President Bush, for example, didn't talk very much about the Israeli-Palestinian conflict until the final years of his presidency. In April 2008 he said that he hoped his plans for peace process would be successful by the end of his term in office.

Since then, the same problems and controversies still pervade the conflict, and Israel recently began building/funding more settlements in the West Bank, despite strong US disapproval and the counter-productive effect it will have on the peace process, which in many ways requires a stop to settlement growth in order to ensure the sovereignty of both Israel and the Palestinian territories.

Despite the obstacles, President Obama has planned to hold peace negotiations this Tuesday in the middle east, relatively early in his term. Obama has shown in his other pursuits such as health care that he aims to make progress on issues that have long been avoided. Many do not have high expectations, however. Do you think Obama has a chance of reaching any sort of solution through negotiations and critique, or will he fall short without putting in the commitment and time needed?

Some have criticized Obama of being anti-Israel for having criticism for some of Israel's policies. But considering the animosity that the US's alliance with Israel has created in the middle east, and with so many people living in Israel and Palestine wanting peace, is the US obligated to help solve this conflict, or should we stay out of it? Is there a need to go a step further than peace talks and bring about some change, such as put economic pressure on Israel?

More importantly, are the different sides of this conflict capable of reconciling when their opinions are based on such different histories, or is an outside agent needed for the change?

Saturday, September 12, 2009

Moralizing in Education

One of my favorite educational posters regarding drug use reads as follows:

Don't do heroin.
If you do heroin, don't share needles.
If you're going to share needles, (instructions on how to clean needles between each person's use).

In some school districts, education topics such as drug prevention and sex education have a lot of controversy surrounding what facts teenagers should know, and what they shouldn't.

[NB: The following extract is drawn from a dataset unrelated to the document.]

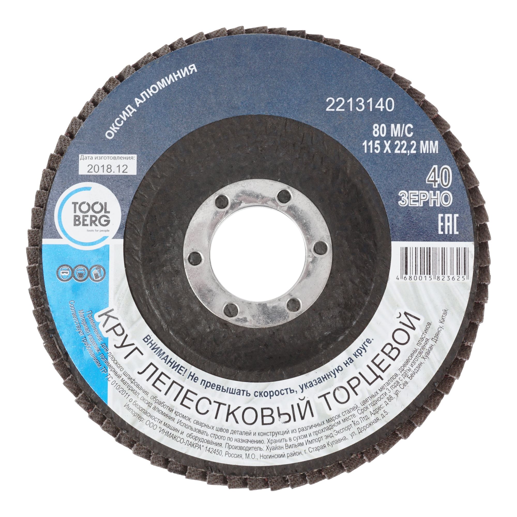 Круг лепестковый торцевой 115х22 Р40, оксид алюминия "TOOLBERG"
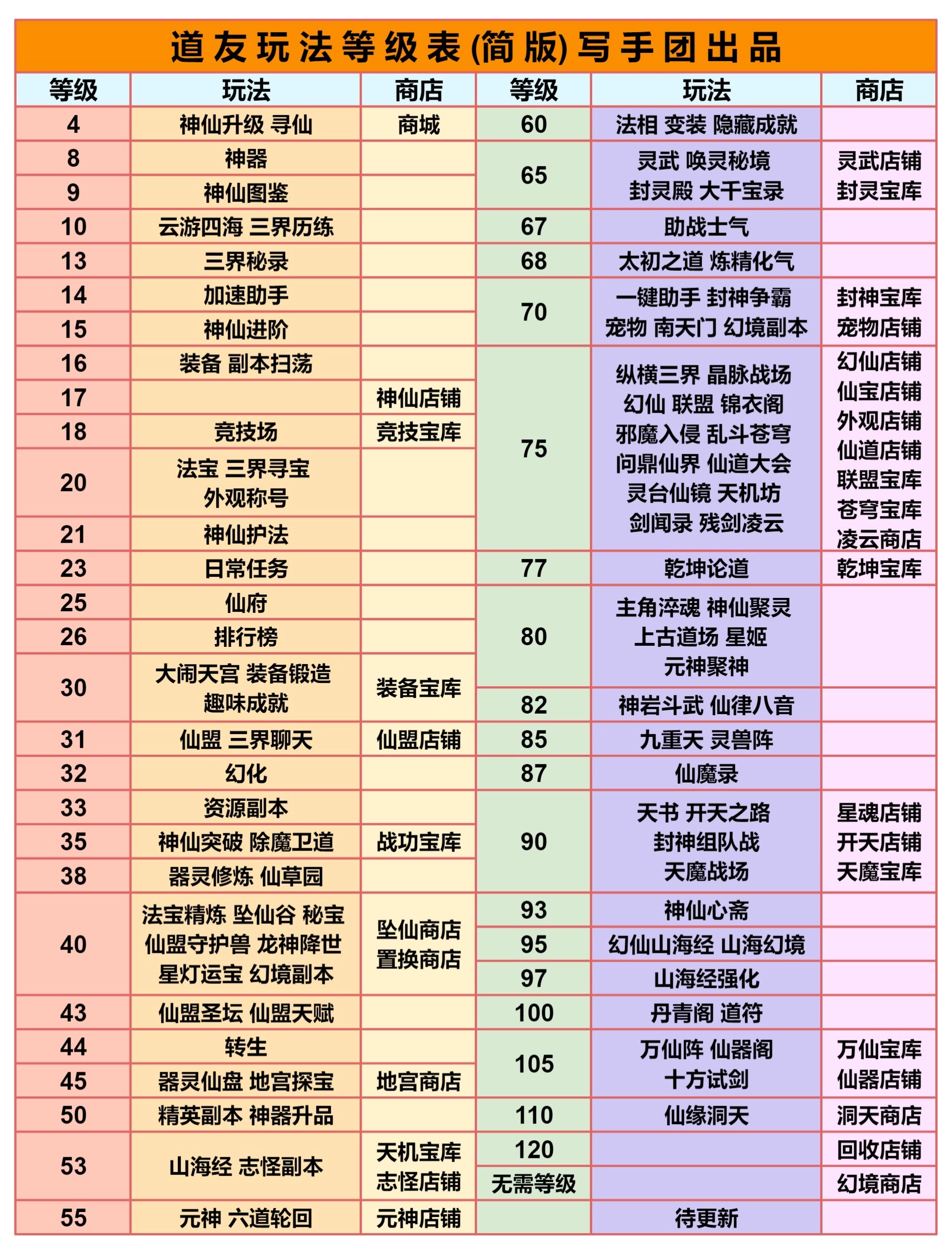 自紫金起,道友每族每个品质仅会出现3个神仙,这3个神仙出现的顺序固定,且越往后出现的神仙实力越强。

Somehow, there is this idea for some that the more you hide from a teenager, the less they'll have to actually confront in their social lives. This idea is illustrated with the idea that if comprehensive sex education is taught, teenagers will be more likely to have sex and contract STDs and get pregnant.

But in reality, beating kids over the head with the idealistic and patronizing message of abstinence only education just deprives teens of tools that will help them when they are confronted with very frequently-made and real decisions about having sex, doing drugs, etc.

Sex education has become more comprehensive over the past 50 or so years, according to this study of sex ed from 2006, there apparently was a decrease in comprehensive sex education over the past 10 or so years. Why would we be allowing this to happen?

One fact I find particularly interesting is this tidbit:

"More than nine in 10 teachers believe that students should be taught about contraception, but one in four are prohibited from doing so."

If educators want to teach youth this type of useful information, I don't understand why schools should have to yield to the wishes of authoritative parents or other figures that pretend to know what's best. How can we hold on to our moral convictions instead of what the facts show us, when teaching from a strictly moral standpoint leads to actually increase the dangers teenagers face?